This debut feature film from Venezuelan filmmaker Gustavo Ronon Cordova which is not just a mere indictment of the financial consequences of his country’s near economic collapse, but on the dire effects it has on the family.
His two-hander of a story is of a father and son living in near slum conditions in a rough no-go area of Caracas, and it soon becomes apparent that there is little connection between Andres (Giovanni Garcia) and his 12-year-old son Pedro (Reggie Reyes). Andres is away most of the time, working as a laborer by day and a cater waiter at night to scrape together a living which he supplements with any bottles of alcohol he can pilfer from his work to resell. Meanwhile, Pedro whiles away his time with his best friend Jonny and other kids on the streets brawling and getting into mischief.
One day an attempt by another kid to mug Pedro and steal his phone goes horribly wrong and ends up with Pedro stabbing him and leaving to bleed to death on the street. Andre fearing the revenge from the boy’s family, overruling all of Pedro’s vehement objections, insists that they leave their ‘house’ and go into hiding. Being forced to spend time together at close quarters is tough on them both as not only do they actually loathe each other, but they also have very little to even talk about. So much is left unsaid, that we never know what happened to Pedro’s mother, or actually what Andres gets up too when he is not working.

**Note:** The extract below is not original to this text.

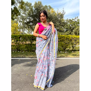 The Organza Sequin-Embroidered Saree with Arco Border is a stunning piece that exudes glamour and sophistication. Crafted from premium quality organza fabric, this saree offers a luxurious and comfortable drape, making it perfect for a wide range of occasions. The saree is intricately embroidered with shimmering sequins, which catch the light beautifully and add a touch of sparkle that is sure to turn heads. The unique selling point of this saree is its arco border, which is a beautifully crafted design element that adds depth and dimension to the overall look of the saree. The border features a series of intricate, interlocking patterns that create a stunning visual effect. The arco border is expertly woven into the saree, ensuring that it sits perfectly along the hemline and complements the overall design. In addition to its stunning design, the Organza Sequin-Embroidered Saree with Arco Border offers a range of benefits. The saree is incredibly versatile, making it suitable for a wide range of occasions, from weddings and formal events to more casual gatherings. The premium quality organza fabric ensures a comfortable and breathable fit, even in warmer weather. The sequin embroidery adds an element of glamour and sophistication, making this saree the perfect choice for those who want to make a statement. Overall, the Organza Sequin-Embroidered Saree with Arco Border is a piece that is sure to impress. With its intricate design, premium quality materials, and versatile nature, this saree is the perfect choice for anyone who wants to look and feel their best.

As the two keep on the move seeking safe refuge Pedro does at least for the first time in his life get a sense of how tough life is for his father is as he demeans himself on a daily basis just to earn the pittance he gets. He also thinks he is tougher than his father insisting that they should have stayed at home and stood their ground, but he changes his mind after discovering that the dead boy’s family had come looking for him and had killed his best friend Jonny instead.
This compelling and shocking movie is a telling testament to the current state of Venezuela which has moved past the point of abject poverty and now breeds a climate where lawlessness goes unchecked and street killings almost become a matter of fact. It’s now a society where one poor man cannot find actual food in the local grocery store to spend the pittance of a pay he made waiting on the tables of the rich.
Garcia playing the struggling father who always appeared so overwhelmed by his life was pitch perfect, as was young Reyes playing Pedro having literally being cast off the street for this his very first acting role.
There is a very definite sense of irony calling the film ‘the family’ as the what we witness on the screen resembles nothing like we would ever imagine as a family, but in the culture that now prevails in Venezuela, this may very sadly become a norm for the people who are confined to living in the country’s slums.